Entstehungszeit: Vollendung am 10. August 1788

Entstehungsalass: Mozart schrieb seine letzten drei Symphonien wahrscheinlich für Subskriptionskonzerte, doch dürften diese niemals zustande gekommen sein.

Uraufführung: unbekannt

Orchester: 1 Flöte, 2 Oboen, 2 Fagotte, 2 Hörner in C, 2 Trompeten, 2 Pauken, Streicher

Die Symphonie wurde am 10. August 1788 in Wien vollendet. Sie zählt mit der G-Moll-Symphonie, KV 550, und der Es-Dur Symphonie, KV 543, zum musikalischen Höhepunkt des symphonischen Schaffens Mozart. Diese drei Symphonien werden auch unter dem Namen "Symphonisches Triptychon von 1788" bzw. "Dreigestirn" zusammengefasst.

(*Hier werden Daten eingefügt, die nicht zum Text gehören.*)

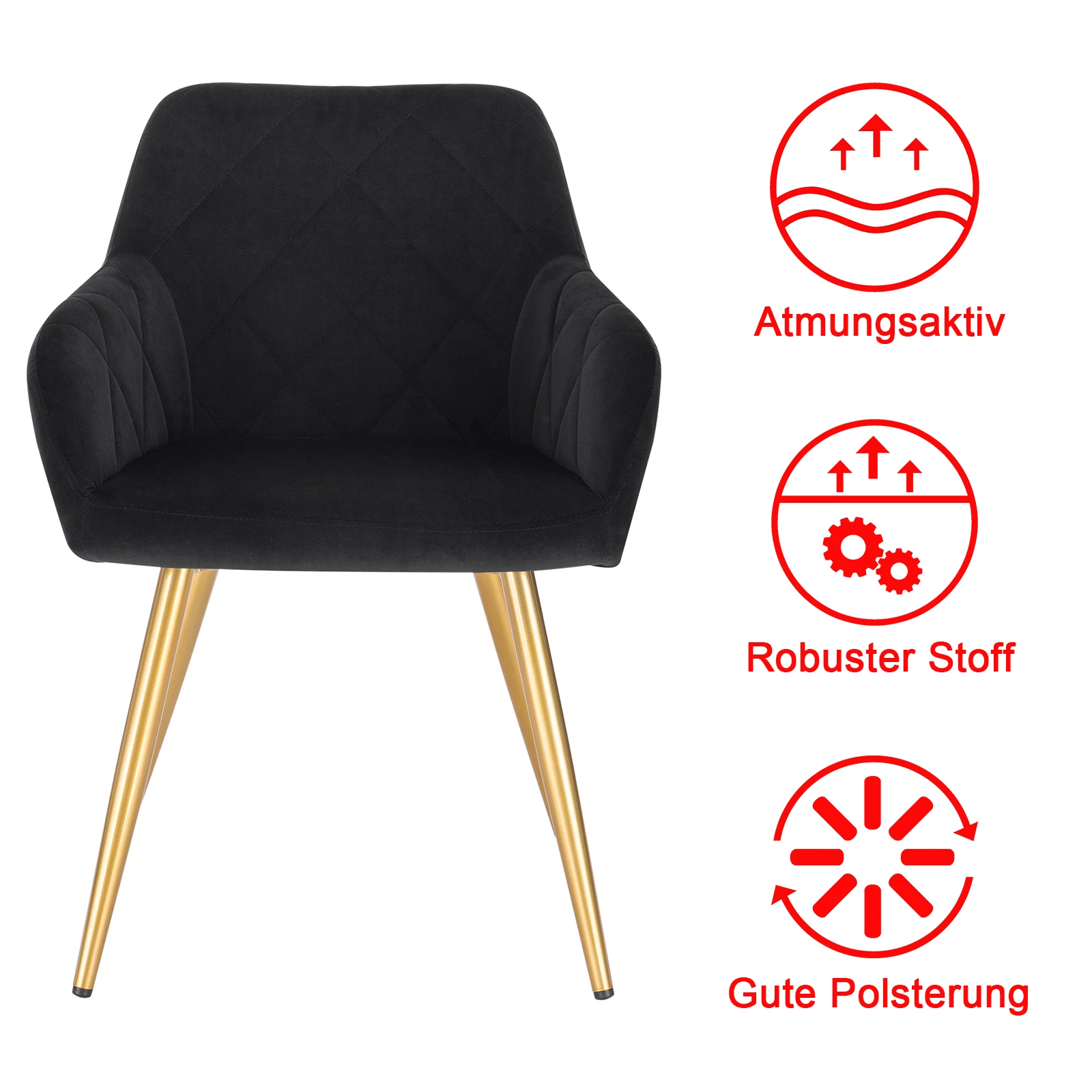 Velvet Dining Room Chair with Armrests and Metal Frame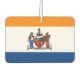 Air Freshener con la bandera de Albany, Nueva York. Bandera naranja, blanca y azul con el emblema de la ciudad en el centro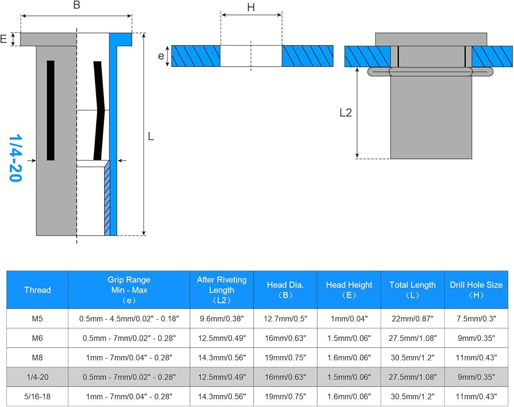 Rivet Nuts: Thread Diameter: 1/4-20; Total Length: 27.5mm / 1.08"; Head Size: 16 x 1.5mm / 0.63" x 0.06"(D*T); Rod Diameter(Drill Hole Size): 9mm / 0.35"; Length after Riveting: 12.5mm / 0.49"; Rivet Plate Thickness: 0.5-7mm / 0.02"-0.28";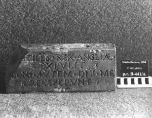 Mattone con iscrizione attestante la cacciata da parte di un re inglese di un fuoriuscito accolto da famiglia cremasca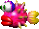 Der Dumgug stellt einen an einen pinken Cheep-Cheep erinnernden Fisch mit gelben Stacheln, einer gelben Schwanzflosse, dicken, roten Lippen und großen Augen mit grünen Pupillen und violetter Umrandung über den Augen dar.

Wenn auch das Jahr 1788 für Mozart sehr ungünstig war, wirkten sich die Sorgen um die elementare Lebenshaltung keineswegs in seinem Musikschaffen aus. Um seine finanzielle Lage zu verbessern, hegte Mozart den Plan, Wien zu verlassen, zumal für ihn als Nachfolger des im Jahre 1787 verstorbenen k. k. Kammermusikus Christoph Willibald Gluck an Besoldung nicht 2000, sondern nur 800 Gulden vorgesehen waren. Mozarts Berliner Reise zu König Friedrich Wilhelm II. diente dem Zweck, eine besser dotierte Anstellung zu erreichen. Diese seine Erwartung erfüllte sich nicht.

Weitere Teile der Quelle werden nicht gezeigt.